Необходимо было, чтобы, пока я здесь, он согласился уехать на юг.

Предать -- это выговорить легко. Нужно еще суметь воспользоваться

случаем. Это все равно что выбраться через тюремное окошко: хочется всем, а

удается редко.

 

После отъезда Робинзона из Дранье я подумал было, что теперь жизнь

наладится, ну, скажем, у меня станет больше пациентов. Ничего подобного.

Во-первых, началась безработица, разразился кризис, а уж это -- самое

скверное. К тому же, хотя шла зима, погода установилась сухая и теплая, а

медицине нужны сырость и холод. Эпидемий тоже не возникало. Словом,

неблагоприятный, неудачный сезон.

Я даже заметил, что кое-кто из коллег отправляется на визиты пешком, а

этим все сказано; вид у них был такой, словно они рады прогуляться, но на

самом-то деле они шились и оставляли свои машины дома только из экономии. У

меня для выходов был только макинтош. Не потому ли так привязался ко мне

насморк? Или оттого, что я приучил себя слишком мало есть? Все может быть.

Или начался рецидив малярии? Как бы то ни было, перед самой весной я

продрог, подхватил отчаянный кашель и вконец расклеился. Катастрофа! Однажды

утром я не смог даже встать. Мимо моего подъезда как раз проходила тетка

Бебера. Я попросил позвать ее. Она поднялась ко мне. Я сразу послал ее за

кое-какими деньгами, которые задолжали мне по соседству. Единственными,

последними деньгами. Принесла она только половину, и я протянул на них те

десять дней, что провалялся.

За десять суток можно о многом подумать. Как только немножко оклемаюсь,

уеду из Дранье, решил я. Кстати, с квартирной платой я запоздал уже на два

месяца. Значит, прощай моя мебелишка! Разумеется, я никому не скажу ни

слова, смотаюсь втихую, и больше меня в Гаренн-Дранье не увидят. Исчезну без

следа и адреса не оставлю. Когда за вами гонится вонючая зверюга нужда -- о

чем еще рассуждать? Молчок, и ноги в руки -- вот самое разумное решение.

Со своим дипломом я, конечно, мог найти себе практику где угодно. Но

ведь в любом другом месте не будет ни хуже, ни приятней.

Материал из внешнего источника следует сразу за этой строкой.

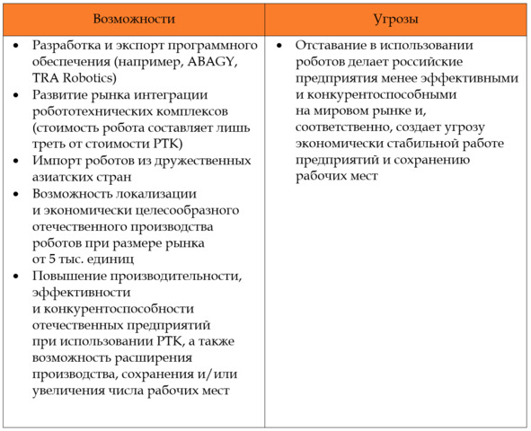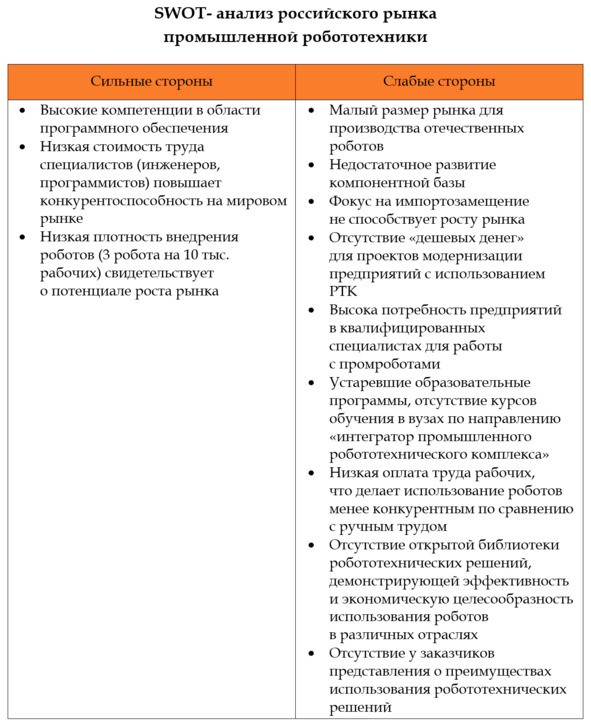 На основании данных, собранных НАУРР о российском рынке промышленной робототехники, был проведен SWOT-анализ данного сегмента рынка. Были выделены сильные и слабые стороны рынка промышленной робототехники, проанализированы возможности его развития, а также риски.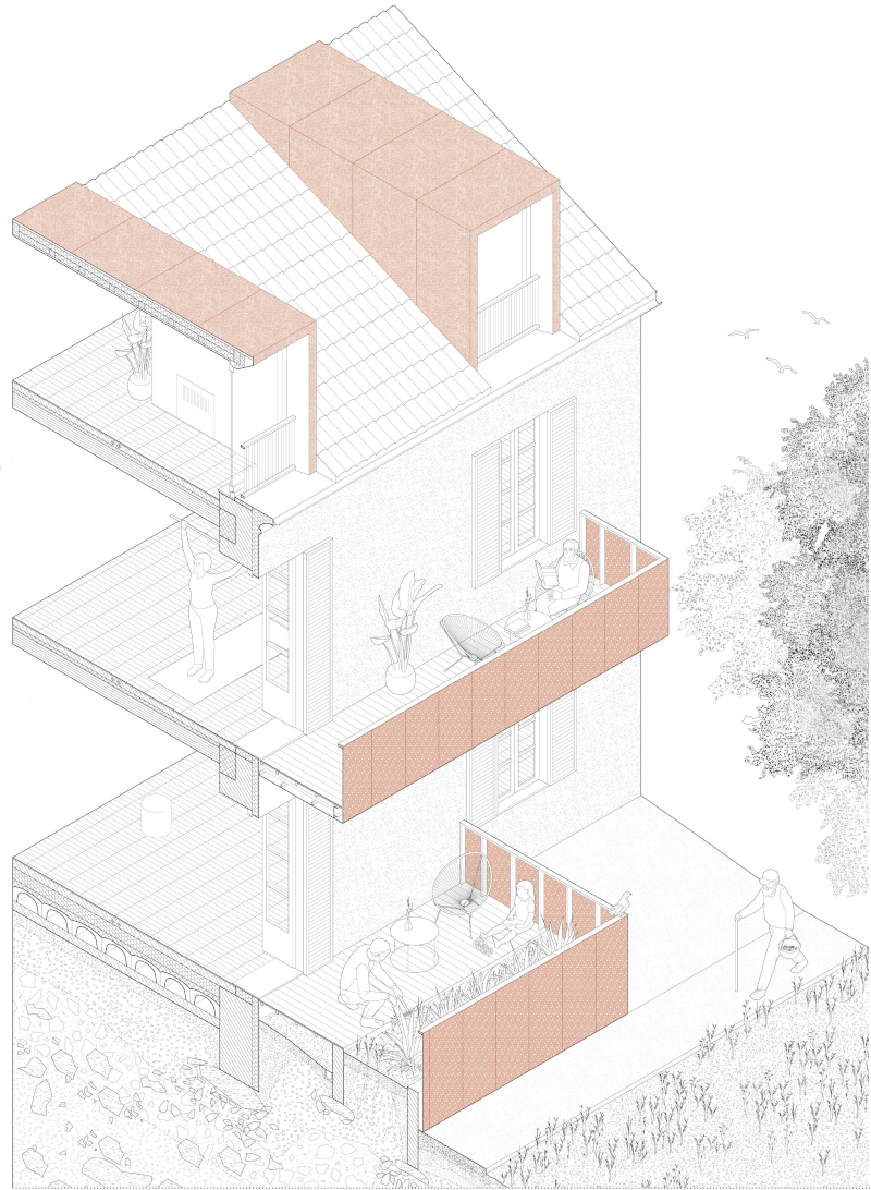 Le nuove terrazze sono pensate «come innesti dalla struttura leggera, reversibili, occasioni in grado di aumentare la qualità dell'abitare». Al piano terra questi volumi diventano giardini privati, «una stanza a cielo aperto con vista sul parco», così li definiscono i vincitori.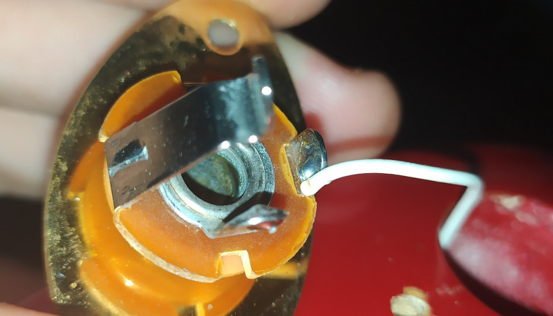 Comme on le voit, le fil blanc est bien soudé mais on voit un fil noir au fond. Cela peut paraître débile, mais je voudrais pas souder n'importe quoi n'importe où, faut-il le souder "comme le blanc" ? (à côté du blanc ou sur une partie métallique)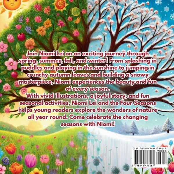 Discover the Magic of the Four Seasons with Niomi Lei! Join Niomi Lei on an exciting journey through spring, summer, fall, and winter! From splashing in puddles and playing in the sunshine to jumping in crunchy autumn leaves and building a snowy masterpiece, Niomi experiences the beauty and fun of every season. With vivid illustrations, a joyful story, and fun seasonal activities, Niomi Lei and the Four Seasons helps young readers explore the wonders of nature all year round. Come celebrate the changing seasons with Niomi!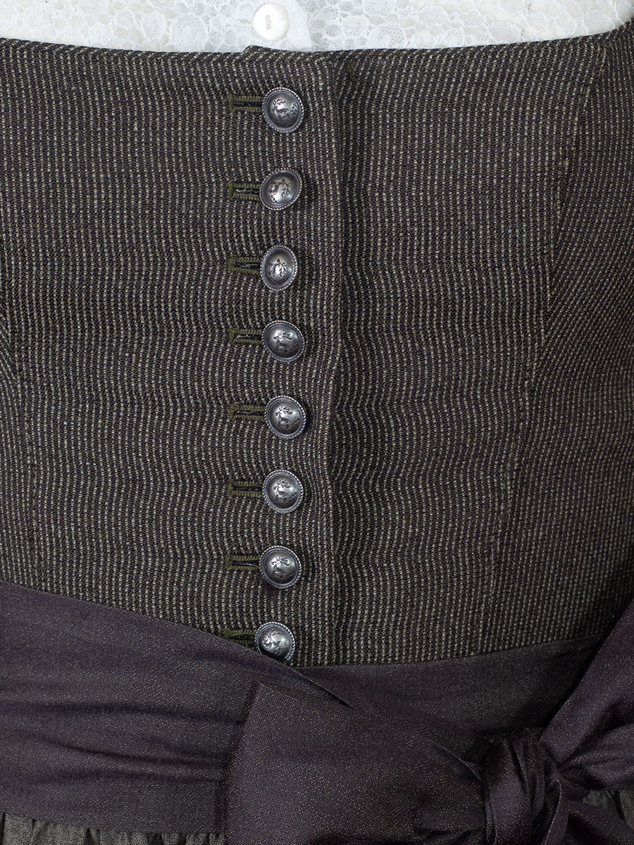 Elegantes Dirndlkleid in Olivgrün gewebt der Kollektion "Die Jägerin" der Firma Wenger. Der eckige Ausschnitt ist ohne Verzierung, Geschlossen wird das olivgrün gemusterte Oberteil mit Metallknöpfen im Jäbgerstil. Der Rock ist in Falten gelegt zeigt eine vollflächiges Blättermotiv, farblich passend zum Oberteil. Eine schlichte einfarbige Schürze rundet das Bild ab. Das dunklere Schürzenband hat an den Enden Quasten aus Gamshaaren. Ein Dirndl für alle festlichen Anlässe.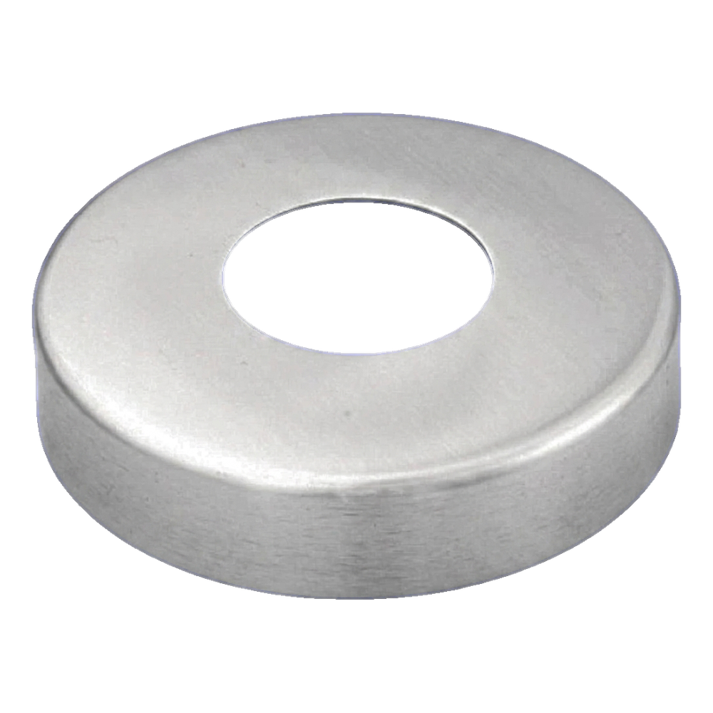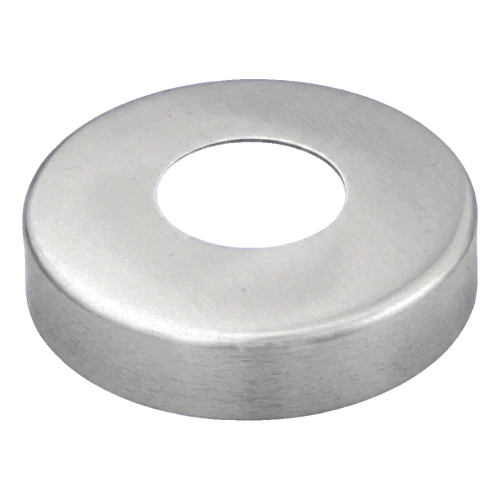 Ronde afdekrozet bestemd voor het afdekken van montagegaten rond buizen met diameter Ø48,3 mm in roestvrijstalen balustrades. Geeft de constructie een esthetische, afgewerkte uitstraling — elimineert zichtbare spleten en onvolkomenheden op plaatsen waar de buis door de vloer, plafond of dragende element van de balustrade gaat.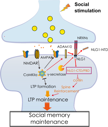 研究团队发现:1、动物社交活动可以激活腹侧海马区的ADAM10(α-分泌酶)。该蛋白酶可切割上百种跨膜蛋白,包括Neuroligins、Neurexins、Cadherins等谷氨酸能跨膜蛋白,这些蛋白可进一步被γ-分泌酶剪切,产生游离胞内段蛋白。如果抑制ADAM10活性,可阻断社交记忆形成,提示活性刺激后的ADAM10活化、蛋白剪切(突触结构重塑)对于新记忆形成是必需的。2、ADAM10剪切底物NLG1缺失会导致社交记忆维持受损,补充γ-分泌酶剪切产物NLG1-CTD(含PBD结构域),可以挽救上述缺陷。3、利用跨膜多肽Tat-PBD可挽救缺陷小鼠的社交记忆、新物体识别记忆、空间记忆等多种记忆范式的维持缺陷。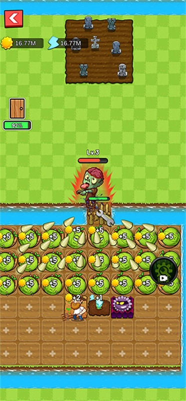 4、游戏里具备多种功能,像攻击、赚钱、产生能量、恢复血液等,且针对这些功能都设置了各类作物防御塔。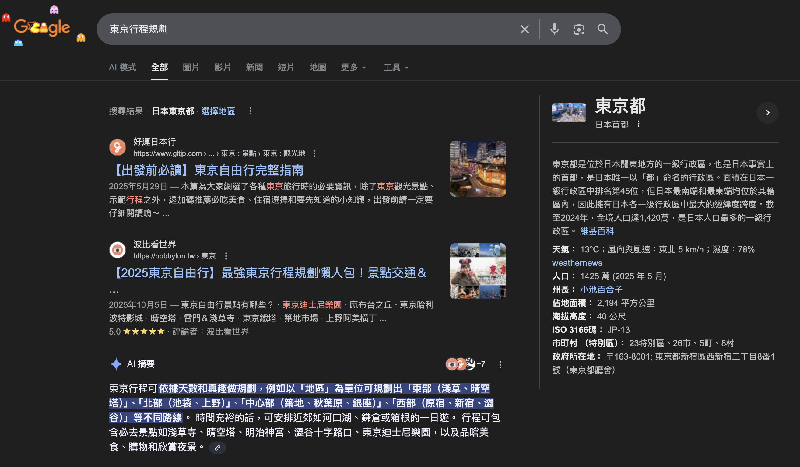 比方說我搜尋「東京行程規劃」,那跑出來的就是傳統的Google頁面,AI摘要排在下面。這一樣要搶SEO、一樣要下廣告,沒什麼變。旅遊業也是Google的廣告金主,Google不敢忽視:

Поначалу,

разумеется, станет чуточку лучше: нужен ведь какой-то срок, чтобы люди

познакомились с вами, прежде чем они возьмут разбег и придумают способ, как

вам пакостить. Пока они только высматривают, с какой стороны вам удобней

всего навредить, вас еще оставляют в покое, но как только они нащупают

слабину, все станет также, как всюду. В общем, самое приятное время на новом

месте -- это пока тебя еще не знают. Потом -- обычное хамство. Главное --

нигде не задерживаться слишком долго, чтобы друзья-приятели не выведали, где

ты уязвим. Клопов надо давить, пока они не забились обратно в щели. Разве не

так?

Что касается больных, пациентов, я не питал на их счет никаких иллюзий.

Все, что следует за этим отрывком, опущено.